Muscardinus Muscardinus · Answer 1 · 2019-08-09T08:08:56+02:00

Explanation:

It is given that,

Charge, [tex]q=2.4\times 10^{-8}\ C[/tex]

Intensity of electromagnetic wave, [tex]I=2.7\times 10^3\ W/m^2[/tex]

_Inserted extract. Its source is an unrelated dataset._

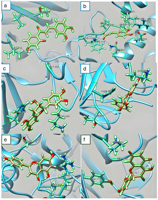 Molecular docking simulation obtained with the lowest energy conformation: α-glucosidase enzyme. (a) α-glucosidase–butein complex, interactions valine (val763), leucine (leu756) and threonine (thr764) with lig 1 (butein). (b) α-glucosidase–ferulic acid complex, interactions of phenylalanine (phe416), glutamic acid (glu505), glutamine (gln509) and lysine (lys418) with lig 1 (ferulic acid). (c) α-glucosidase–catechin complex, interactions of histidine (hsd799) with lig 1 (catechin). (d) α-glucosidase–kaempferol complex, threonine (thr848) interactions with lig 1 (kaempferol). (e) α-glucosidase–naringenin complex, interactions of serine (ser410) and methionine (met408) with lig 1 (naringenin). (f) α-glucosidase–quercetin complex, interactions of glycine (gly908) with lig 1 (quercetin).

The intensity of electromagnetic wave is given by :

[tex]I=\dfrac{E^2}{2c\mu_o}[/tex]

Where

E is the electric field

[tex]E=\sqrt{2c\mu_o I}[/tex]

[tex]E=\sqrt{2\times 3\times 10^8\times 4\pi\times 10^{-7}\times 2.7\times 10^3}[/tex]

E = 1426.79 N/C

(a) Electric force, [tex]F=q\times E[/tex]

[tex]F=2.4\times 10^{-8}\times 1426.79[/tex]

F = 0.000034 N

or

[tex]F=3.4\times 10^{-5}\ N[/tex]

(b) As the charge is stationary, v = 0

Magnetic force, [tex]F=qvB=0[/tex]

(c) If the charge is moving with speed of, [tex]v=3.7\times 10^4\ m/s[/tex]

Electric force, [tex]F=q\times E[/tex]

[tex]F=2.4\times 10^{-8}\times 1426.79[/tex]

F = 0.000034 N

or

[tex]F=3.4\times 10^{-5}\ N[/tex]

(d) Magnetic force, [tex]F=qvB\ sin\theta[/tex]

Here, [tex]\theta=90[/tex]

Since, [tex]B=\dfrac{E}{c}[/tex]

[tex]B=\dfrac{1426.79}{3\times 10^8}=0.0000047\ T[/tex]

[tex]F=2.4\times 10^{-8}\times 3.7\times 10^4\times 0.0000047[/tex]

[tex]F=4.17\times 10^{-9}\ N[/tex]

Hence, this is the required solution.